**TASK OBJECTIVE**
Copy the listing as it is written, and leave each picture out.

**DATA SHOWN**
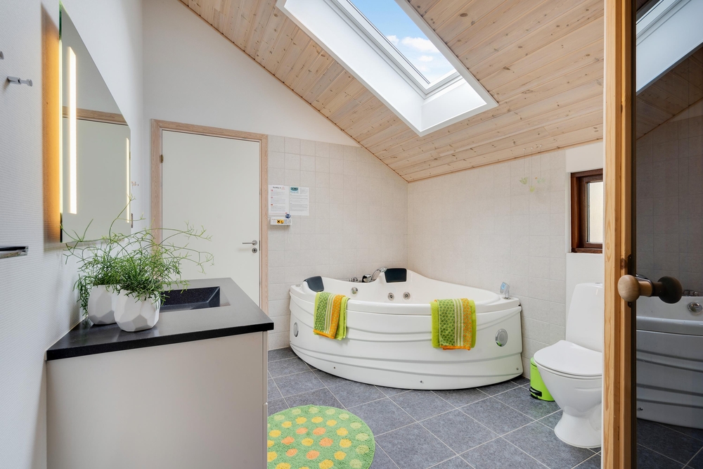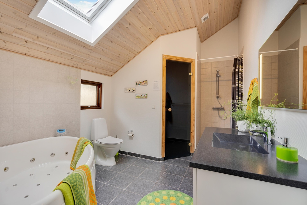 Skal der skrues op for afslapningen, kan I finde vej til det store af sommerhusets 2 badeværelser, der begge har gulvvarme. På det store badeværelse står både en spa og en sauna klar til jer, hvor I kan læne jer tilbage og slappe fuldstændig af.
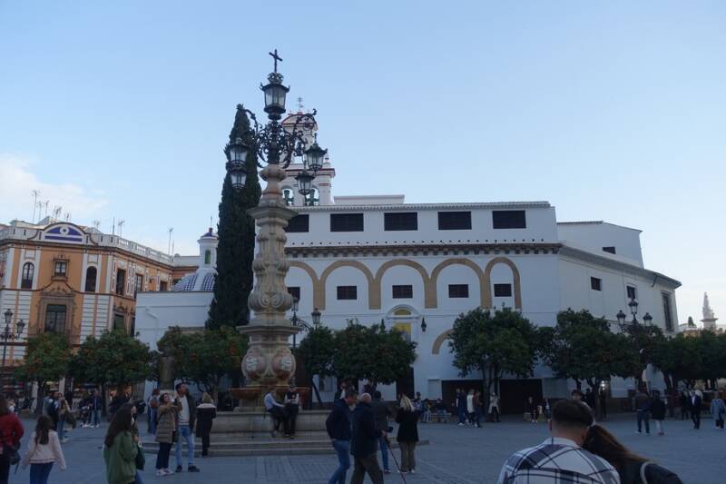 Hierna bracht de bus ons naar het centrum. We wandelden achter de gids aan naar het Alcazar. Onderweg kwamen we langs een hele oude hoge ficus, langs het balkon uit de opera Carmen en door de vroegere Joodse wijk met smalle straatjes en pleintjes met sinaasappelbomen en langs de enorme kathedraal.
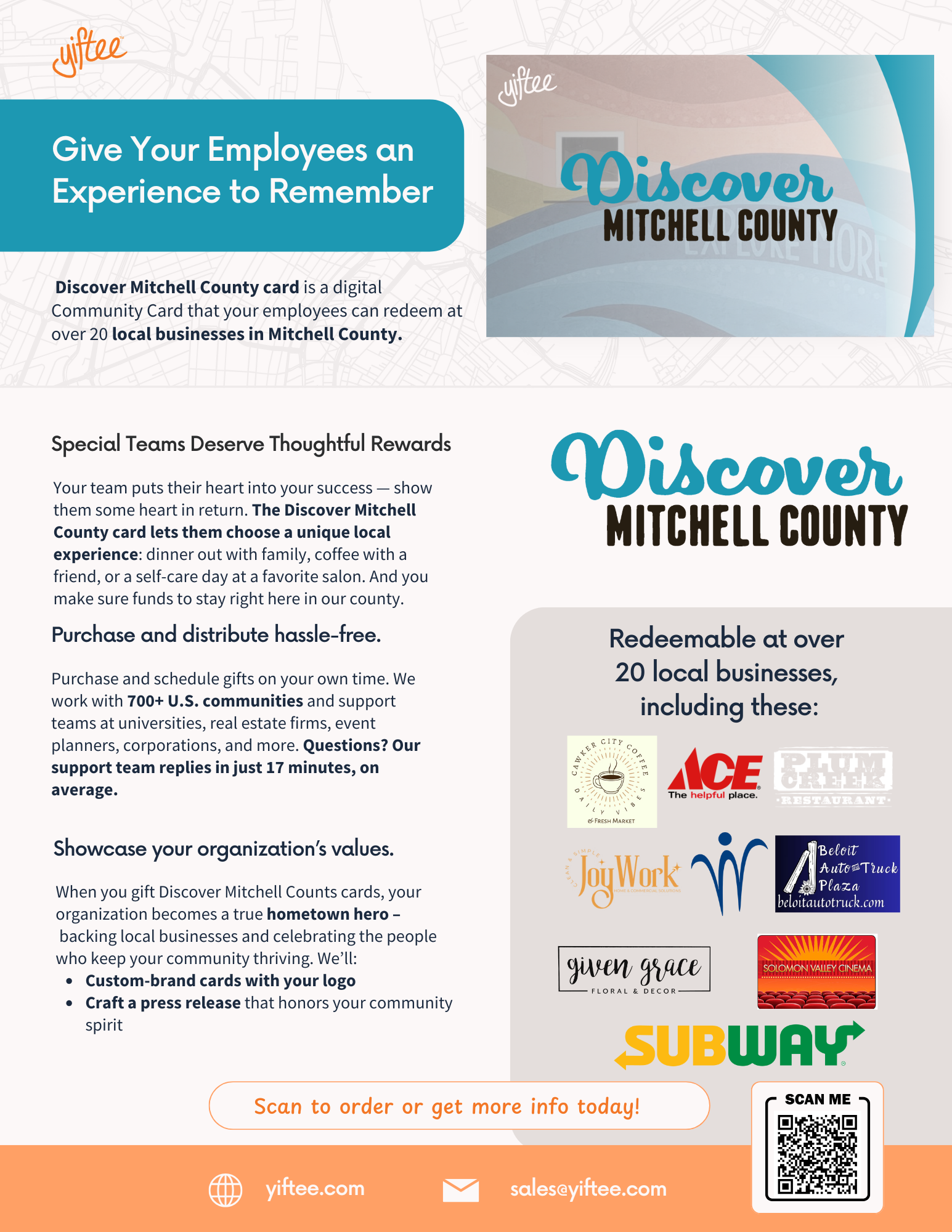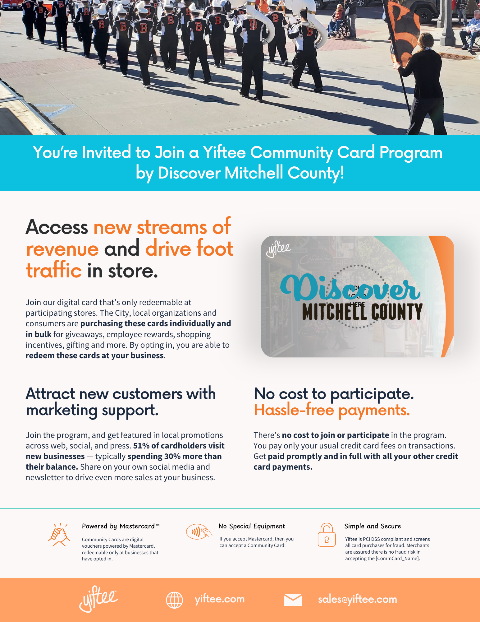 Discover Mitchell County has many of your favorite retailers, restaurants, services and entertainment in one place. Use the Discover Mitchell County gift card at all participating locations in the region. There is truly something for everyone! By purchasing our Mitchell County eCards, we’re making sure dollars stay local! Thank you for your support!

**OUTPUT OF THE EXERCISE**
 Skal der skrues op for afslapningen, kan I finde vej til det store af sommerhusets 2 badeværelser, der begge har gulvvarme. På det store badeværelse står både en spa og en sauna klar til jer, hvor I kan læne jer tilbage og slappe fuldstændig af.
 Hierna bracht de bus ons naar het centrum. We wandelden achter de gids aan naar het Alcazar. Onderweg kwamen we langs een hele oude hoge ficus, langs het balkon uit de opera Carmen en door de vroegere Joodse wijk met smalle straatjes en pleintjes met sinaasappelbomen en langs de enorme kathedraal.
 Discover Mitchell County has many of your favorite retailers, restaurants, services and entertainment in one place. Use the Discover Mitchell County gift card at all participating locations in the region. There is truly something for everyone! By purchasing our Mitchell County eCards, we’re making sure dollars stay local! Thank you for your support!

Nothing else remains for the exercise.